The Hungry Birds workshop is tailored to a general audience, as well as targeted towards pre and in-service teachers, interested academics, and tertiary students. Typically, these are audiences who enjoy collaborative creating and meaningful making. Hungry Birds provides a playful metaphorical experience not only for the math-minded and creative but those drawn from different disciplines such as Engineering, IT, Design, Fine Arts and Crafts and Education. There is no pre-requisite skill needed to participate. Enthusiasts will engage with paper engineering to construct a mathematical model representing a hyperbolic paraboloid (HP), as shown in Figure 1. The HP is a shape that, amongst a myriad of applications, also remarkably resembles the beak of a bird! The beaks represent a small concessional link with biomimicry, another of STEAM’s potent learning concepts. The session includes exploration of mathematics, experimental making and introductory mechatronics and coding. Embedding design and artmaking in STEM provides tangible experiences that encourage investigations of the relationship between logical functions and abstract concepts and processes.

What appears as complex is not a new concept; artists and polymaths like Leonardo Da Vinci have already experienced and shown us the importance of integration to achieve higher-order thinking skills. Yet in Hungry Birds, we aim to place humour at the front and centre of embodied learning. The workshop focuses on innovative and cohesive integration of art and design with STEM theory and concepts. In particular, Hungry Birds is directed towards physically visualising mathematics in an accessible and achievable contextual format.

Figure 1: Hyperbolic Paraboloids, randomly arranged.

Workshop Outline – the audience experience

In Hungry Birds, we briefly explore curves through Cartesian plotting and graphing, conic sections and terminology related to art and design principles (Figure 2). Participants then fold a paper hyperbolic paraboloid (HP), visualising this sophisticated mathematical shape in 3D. We call this a whimsical “flat to form” experience. We explore the concept of biomimicry in folded mechanisms by experimenting with articulated movement of the 3D forms (Figures 3, 4 and 5).

Hungry Birds - a STEAM experience

Figure 2: Cartesian plotting and graphing, and conic sections.

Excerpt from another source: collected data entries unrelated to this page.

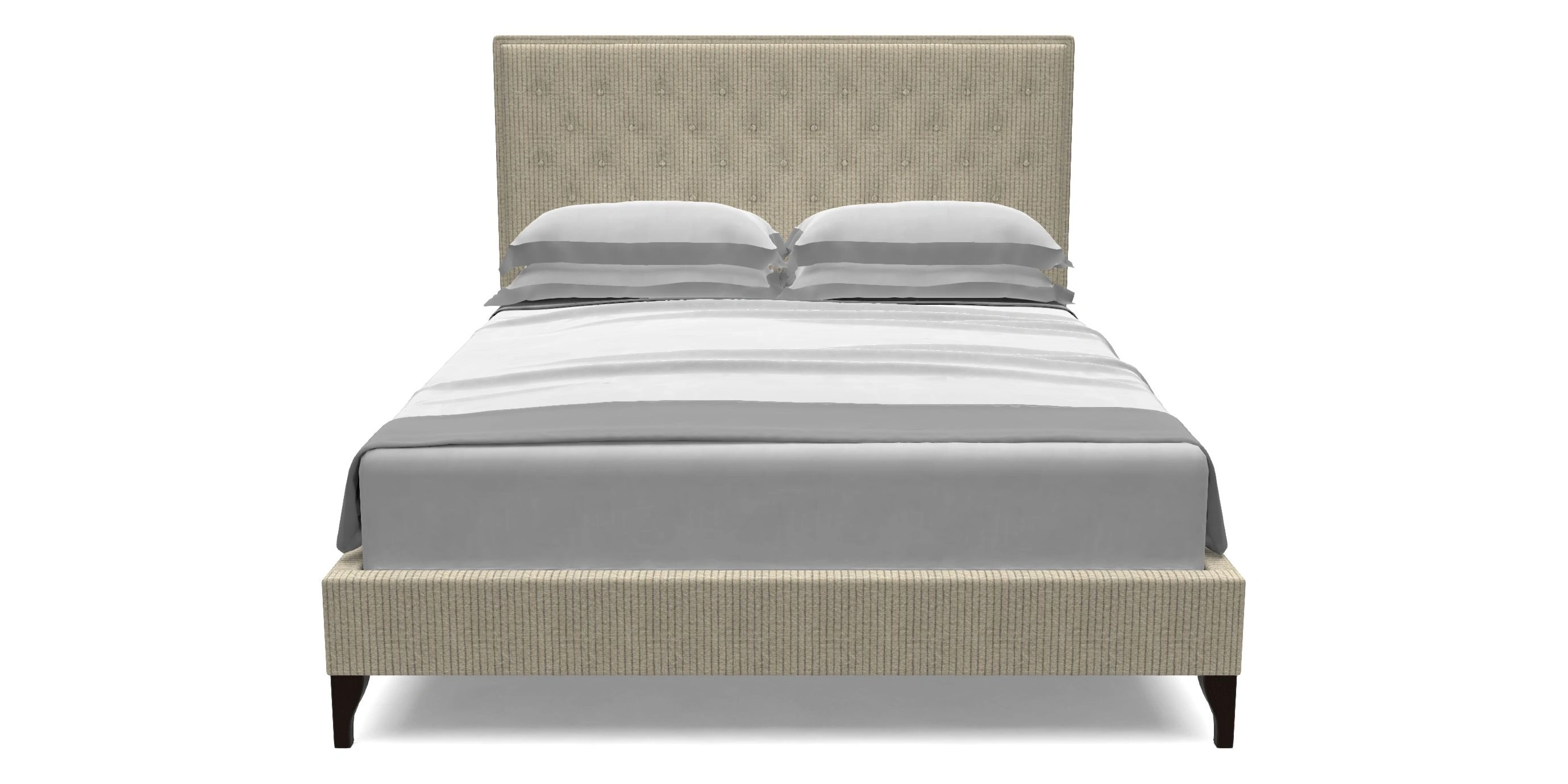 A contemporary twist on a classic luxury bed, featuring a distinctive double headboard design, shallow buttoning and piping for subtle texture and detailing. Its simple elegance is versatile enough to suit any fabric, making it an adaptable choice for numerous interior styles.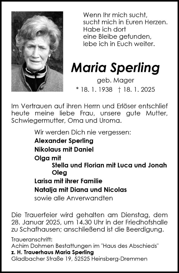 gestorben am 18. Januar 2025 in Heinsberg-Schafhausen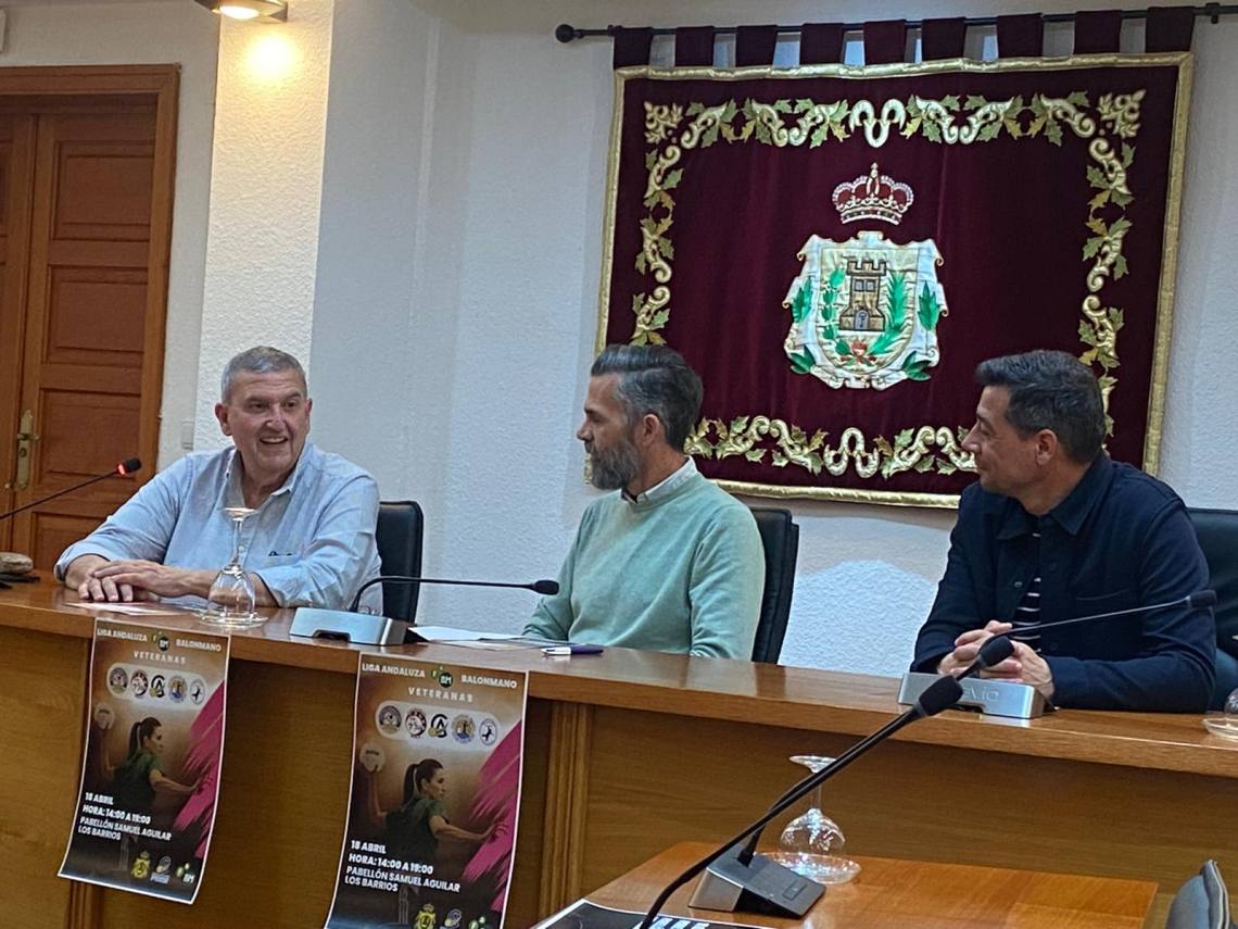 El salón de plenos del Ayuntamiento de Los Barrios ha acogido esta mañana la presentación oficial de la próxima jornada de la Liga Andaluza de Veteranas de Balonmano, que se disputará en la localidad el sábado 18 de abril. El acto ha contado con la presencia del delegado de Deportes, Raúl Álvarez; el delegado de Sanidad, Carlos Torres, y el presidente del Club de Balonmano Ciudad de Algeciras, Pedro Soria.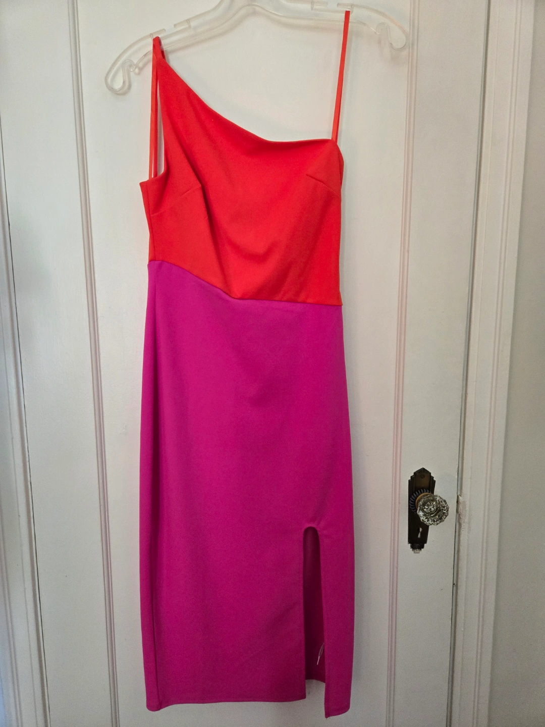 Stunning two-tone mini dress. Features a vibrant orange top and a hot pink bottom. One-shoulder design. Side slit. Great for a night out. Purchased for TS but decided to wear some different
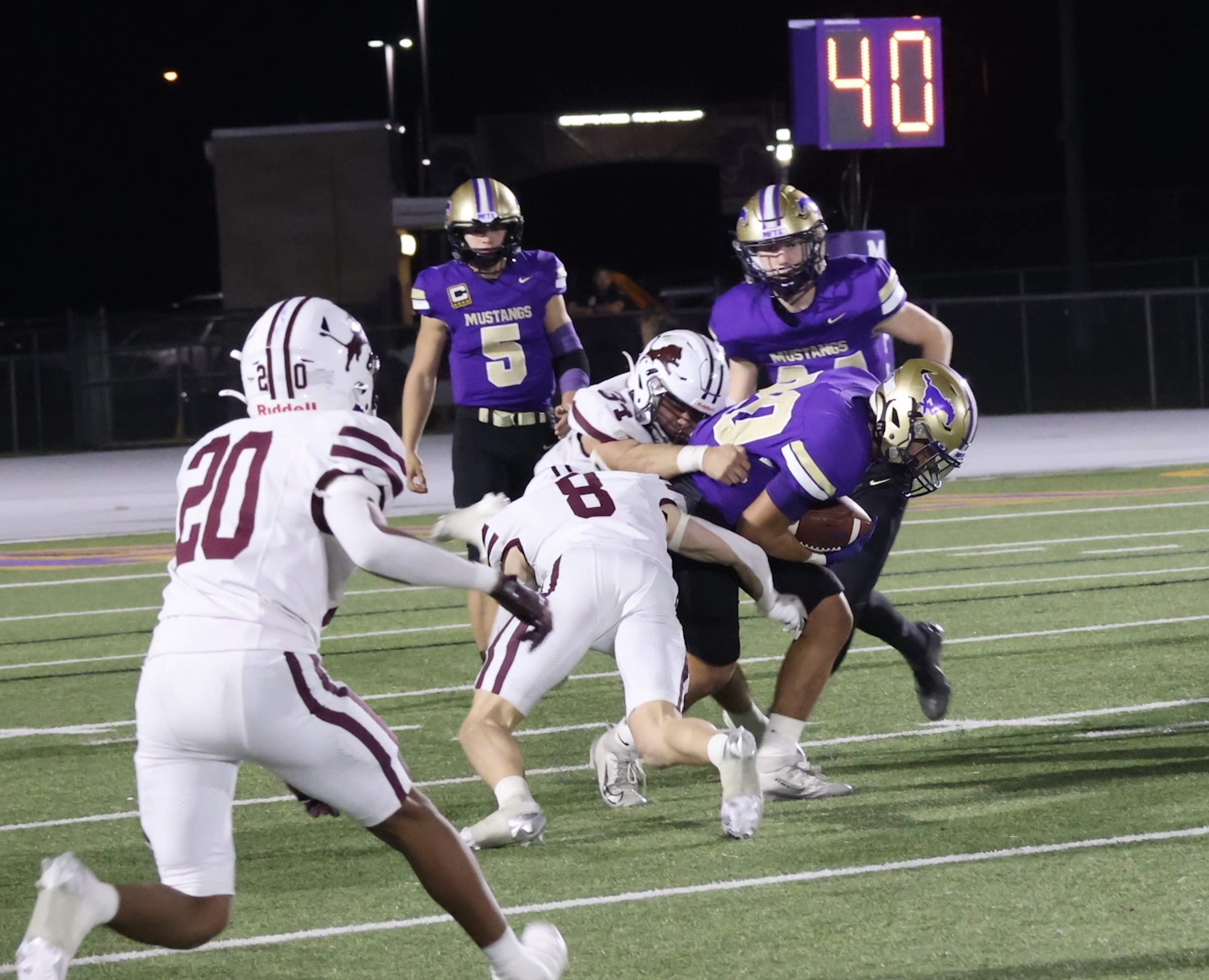 CAPTION: Marble Falls senior running back Joaquin Aguilar played his final game as a Mustang football player after three years as a starter. Staff photo by Jennifer Fierro The Marble Falls High School football team lost to Brownwood 41-7 Nov. 7 to end the 2025 season. The Lions (6-4, 3-1) finish as the District 4-4A runners-up and will enter the playoffs as the district’s No. 2 seed. The Mustangs’ (3-7, 0-4 District 4-4A Division I) only score came on a screen pass to senior receiver Kaden Langbein from sophomore quarterback…

Folding the HP paper structures is similar to folding a paper fan. Figure 3 indicates the alternating fold lines embedded into the paper templates used in the workshop. Instructions are as follows:

Figure 3: HP guides for folding.

Step 1 Fold the diagonal lines into valleys Step 2 Fold the first concentric square into a valley (down), keeping the corners pointing out like spears. Step 3 Fold the next line into a mountain (up). Step 4 Continue to fold, alternating mountains and valleys until every square is creased. Try not to keep your structure “flat” because the paper will naturally want to curve. See Figure 4. Step 5 Spread the structure out again to reveal the hyperbolic paraboloid shape.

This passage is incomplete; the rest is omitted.